Each line from the first entry to the line with "Donald Trump is", both included, is to be returned unchanged, with any pictures dropped.

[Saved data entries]
__________________________________________________

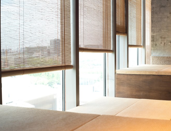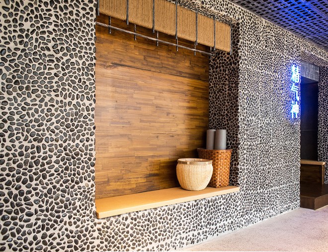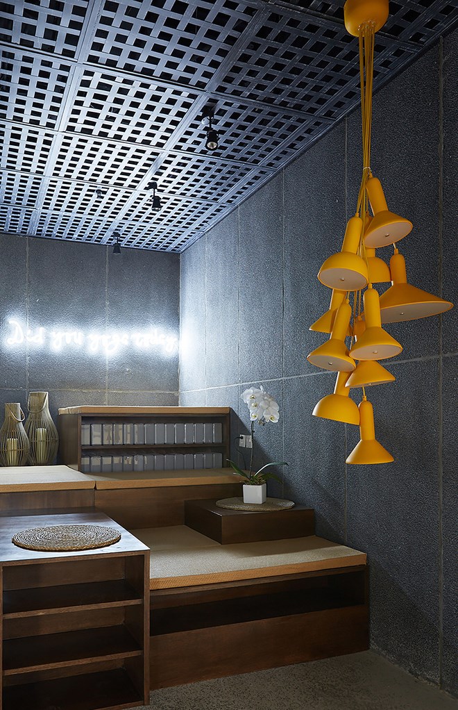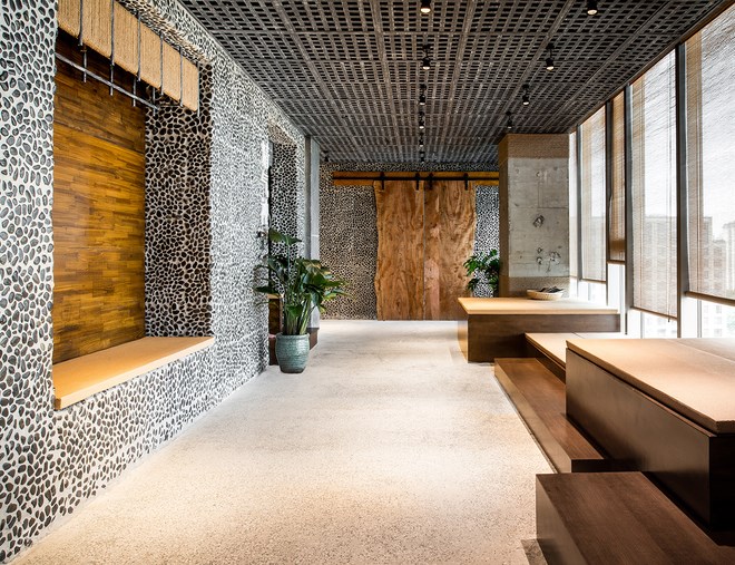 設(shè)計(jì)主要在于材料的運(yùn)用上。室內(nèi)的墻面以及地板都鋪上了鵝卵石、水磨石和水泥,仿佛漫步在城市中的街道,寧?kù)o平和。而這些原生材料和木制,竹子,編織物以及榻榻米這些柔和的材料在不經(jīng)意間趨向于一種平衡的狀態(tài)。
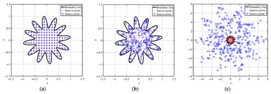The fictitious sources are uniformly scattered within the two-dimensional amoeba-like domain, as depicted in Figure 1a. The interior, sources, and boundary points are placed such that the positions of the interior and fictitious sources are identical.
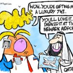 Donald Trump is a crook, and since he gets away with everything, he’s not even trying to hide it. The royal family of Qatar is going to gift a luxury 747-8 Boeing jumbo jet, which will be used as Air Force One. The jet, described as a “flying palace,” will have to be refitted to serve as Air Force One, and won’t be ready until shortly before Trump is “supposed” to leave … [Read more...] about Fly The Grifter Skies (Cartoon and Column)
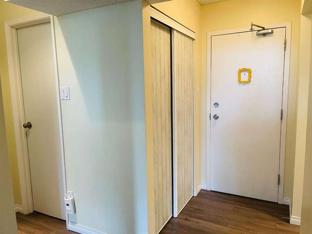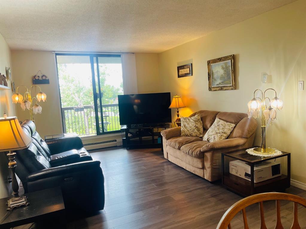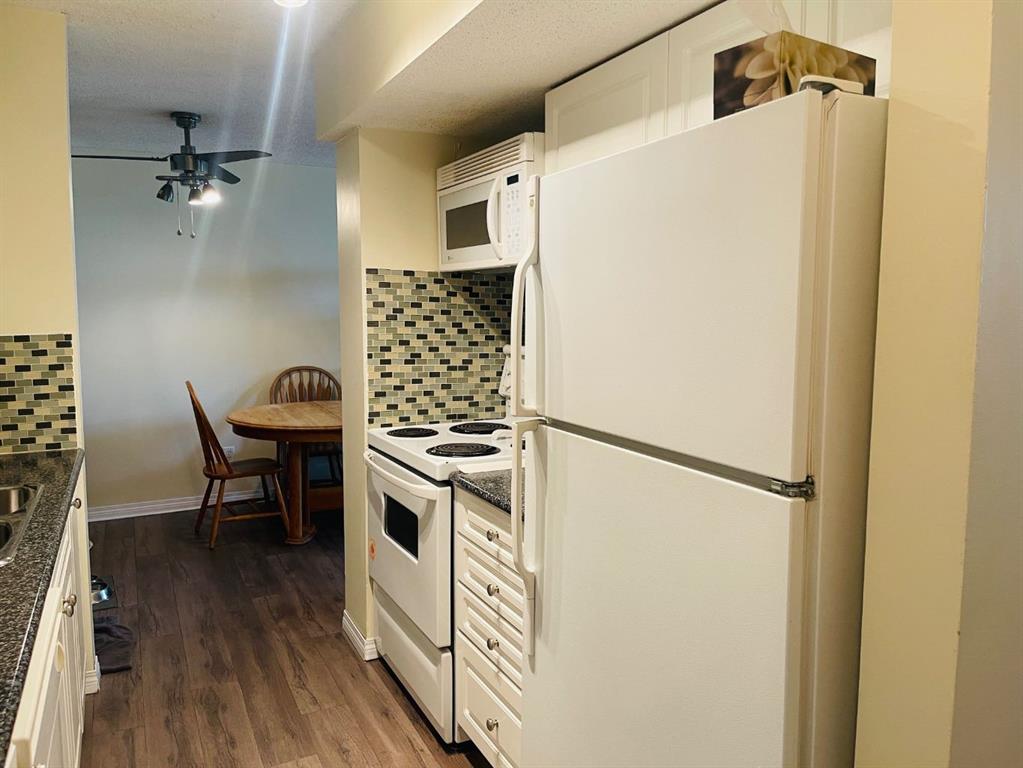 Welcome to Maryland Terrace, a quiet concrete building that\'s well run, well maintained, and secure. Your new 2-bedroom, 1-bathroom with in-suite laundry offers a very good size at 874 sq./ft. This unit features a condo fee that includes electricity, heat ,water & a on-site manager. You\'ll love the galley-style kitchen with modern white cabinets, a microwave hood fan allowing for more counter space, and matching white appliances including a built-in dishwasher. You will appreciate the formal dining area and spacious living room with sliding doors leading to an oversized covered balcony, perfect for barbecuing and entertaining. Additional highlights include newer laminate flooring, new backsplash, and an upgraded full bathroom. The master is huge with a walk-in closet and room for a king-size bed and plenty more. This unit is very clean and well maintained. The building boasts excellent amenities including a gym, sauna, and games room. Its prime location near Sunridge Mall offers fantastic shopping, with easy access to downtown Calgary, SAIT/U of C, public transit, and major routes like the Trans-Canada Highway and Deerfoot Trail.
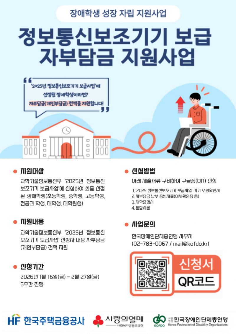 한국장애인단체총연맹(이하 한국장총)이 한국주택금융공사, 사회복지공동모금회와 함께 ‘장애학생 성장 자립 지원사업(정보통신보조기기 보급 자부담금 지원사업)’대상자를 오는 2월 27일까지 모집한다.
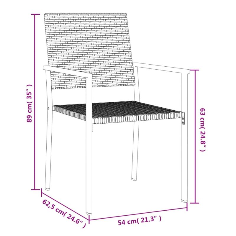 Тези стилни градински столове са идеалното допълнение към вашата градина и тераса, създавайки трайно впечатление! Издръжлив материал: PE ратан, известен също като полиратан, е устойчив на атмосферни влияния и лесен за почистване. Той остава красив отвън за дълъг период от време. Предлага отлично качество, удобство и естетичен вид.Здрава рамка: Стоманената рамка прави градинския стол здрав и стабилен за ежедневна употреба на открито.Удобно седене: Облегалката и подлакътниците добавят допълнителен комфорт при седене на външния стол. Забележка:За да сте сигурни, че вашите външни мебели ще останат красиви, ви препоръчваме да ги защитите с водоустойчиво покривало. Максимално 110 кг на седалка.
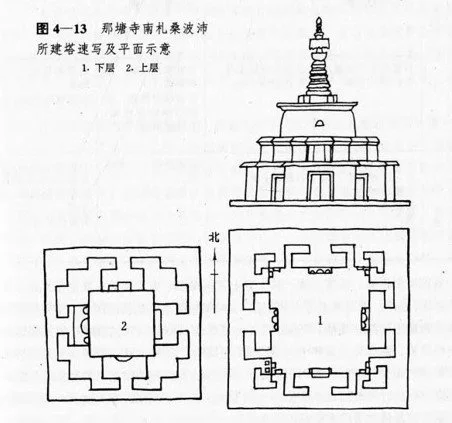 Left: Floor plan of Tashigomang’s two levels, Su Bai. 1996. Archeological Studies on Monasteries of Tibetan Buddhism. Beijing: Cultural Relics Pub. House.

__________________________________________________

[SOLUTION TO THIS EXERCISE]
 設(shè)計(jì)主要在于材料的運(yùn)用上。室內(nèi)的墻面以及地板都鋪上了鵝卵石、水磨石和水泥,仿佛漫步在城市中的街道,寧?kù)o平和。而這些原生材料和木制,竹子,編織物以及榻榻米這些柔和的材料在不經(jīng)意間趨向于一種平衡的狀態(tài)。
The fictitious sources are uniformly scattered within the two-dimensional amoeba-like domain, as depicted in Figure 1a. The interior, sources, and boundary points are placed such that the positions of the interior and fictitious sources are identical.
 Donald Trump is a crook, and since he gets away with everything, he’s not even trying to hide it. The royal family of Qatar is going to gift a luxury 747-8 Boeing jumbo jet, which will be used as Air Force One. The jet, described as a “flying palace,” will have to be refitted to serve as Air Force One, and won’t be ready until shortly before Trump is “supposed” to leave … [Read more...] about Fly The Grifter Skies (Cartoon and Column)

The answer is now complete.